Let $X:=f$ and $Y:=\tilde f$. Let $\mu:=EX$ and $\nu:=EY$. Let $\|\cdot\|:=\|\cdot\|_2$.
Let $D:=Y-X$. For any random variable $V$, let $\tilde V:=V-EV$.
Then the first displayed inequality can be rewritten as $ED\le\|D\|$. The upper bound here is attained if e.g. $D=1$. So, this bound is tight.
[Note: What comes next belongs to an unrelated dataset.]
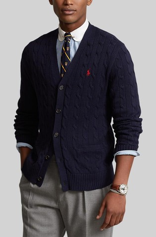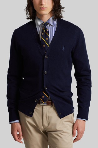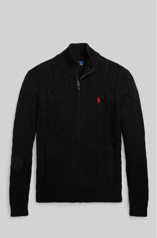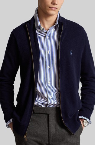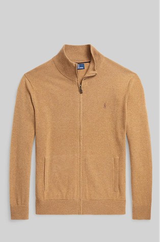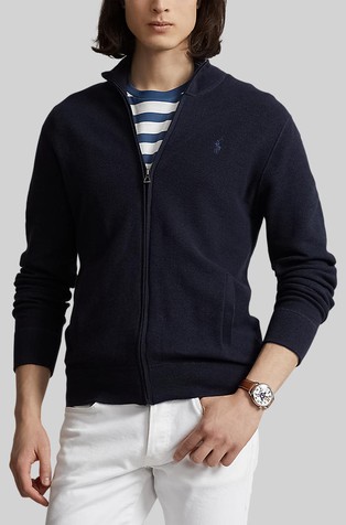 This full-zip sweater is knit with soft combed cotton and accented with a contrasting hue at the interior neck. Ralph Lauren partners with Better Cotton to improve cotton farming globally.

The second displayed inequality is in general false. E.g., suppose that $\mu=\nu<0$, $\tilde X=0$, and $P(\tilde Y=\pm1)=1/2$. Then the left-hand side of that inequality is $1$, whereas its right-hand side is
$2\mu+|\mu|+\sqrt{\mu^2+1}<1$.
However, one can write
\begin{multline*}
\text{Var}\; Y-\text{Var}\; X=E(\tilde Y^2-\tilde X^2)=E\tilde D(\tilde X+\tilde Y) \\
\le\|\tilde D\|\,(\|\tilde X\|+\|\tilde Y\|)
\le\|D\|\,(\|X\|+\|Y\|),
\end{multline*}
by the Cauchy-Schwarz and Minkowski inequalities.
So,
\begin{equation*}
|\text{Var}\; Y-\text{Var}\; X|
\le\|\tilde D\|\,(\|\tilde X\|+\|\tilde Y\|)
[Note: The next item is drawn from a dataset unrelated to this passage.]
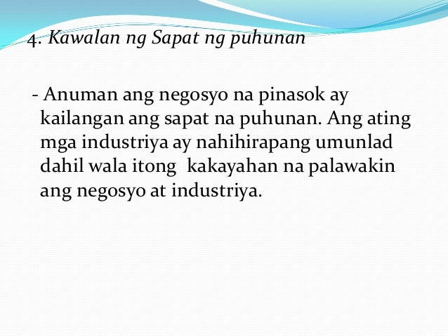Ang unemployment o kawalan ng trabaho ay suliraning kinahaharap ng anumang bansa. Masalimuot na paraan para makapagtatag ng negosyo 14. Linangin ang mga kakayahan at kaalaman ng mga pilipino.

\le\|D\|\,(\|X\|+\|Y\|). \tag{1}
\end{equation*}
The penultimate bound on $|\text{Var}\; Y-\text{Var}\; X|$ is attained e.g. when $Y=cX$ for a real constant $c>0$; if, in addition, $EX=0$, then the latter bound is attained as well. So, the latter two bounds are both tight, in their terms.
One can also adopt this approach to bound the "error" for the central moments $E(X-\mu)^n=E\tilde X^n$ of higher orders $n$ by writing $a^n-b^n=(a-b)\sum_{j=0}^{n-1} a^jb^{n-1-j}$ for $a=\tilde X$ and $b=\tilde Y$, and then using the H\"older and Minkowski inequalities, e.g., as follows:
\begin{align*}
|E\tilde X^n-E\tilde Y^n|
&\le\|\tilde X-\tilde Y\|_n\;\sum_{j=0}^{n-1} \|\tilde X^j\tilde Y^{n-1-j}\|_{n/(n-1)} \\
&\le\|\tilde X-\tilde Y\|_n\;\sum_{j=0}^{n-1} \|\tilde X\|_n^j \|\tilde Y\|_n^{n-1-j} \tag{2} \\
&=\|\tilde X-\tilde Y\|_n\;
\frac{\|\tilde X\|_n^n-\|\tilde Y\|_n^n}{\|\tilde X\|_n-\|\tilde Y\|_n},
\end{align*}
the latter equality holding if $\|\tilde X\|_n\ne\|\tilde Y\|_n$.
For the second inequality in the latter display, we use the obvious identity $\|f^m\|_p=\|f\|_{mp}^m$ for positive $m$ and $p$.
Clearly, the bound in (2) is a generalization of the first bound in (1).
For $p\ne2$, the inequality $\|\tilde X\|_p\le\|X\|_p$ will not hold in general. The optimal constant factor $c_p$ in the inequality $\|\tilde X\|_p\le c_p\|X\|_p$ for real $p>1$ was given in
in Optimal Re-centering Bounds ... / arXiv. In particular, $c_3=\frac13\,(17+7\sqrt7)^{1/3}=1.0957\dots$.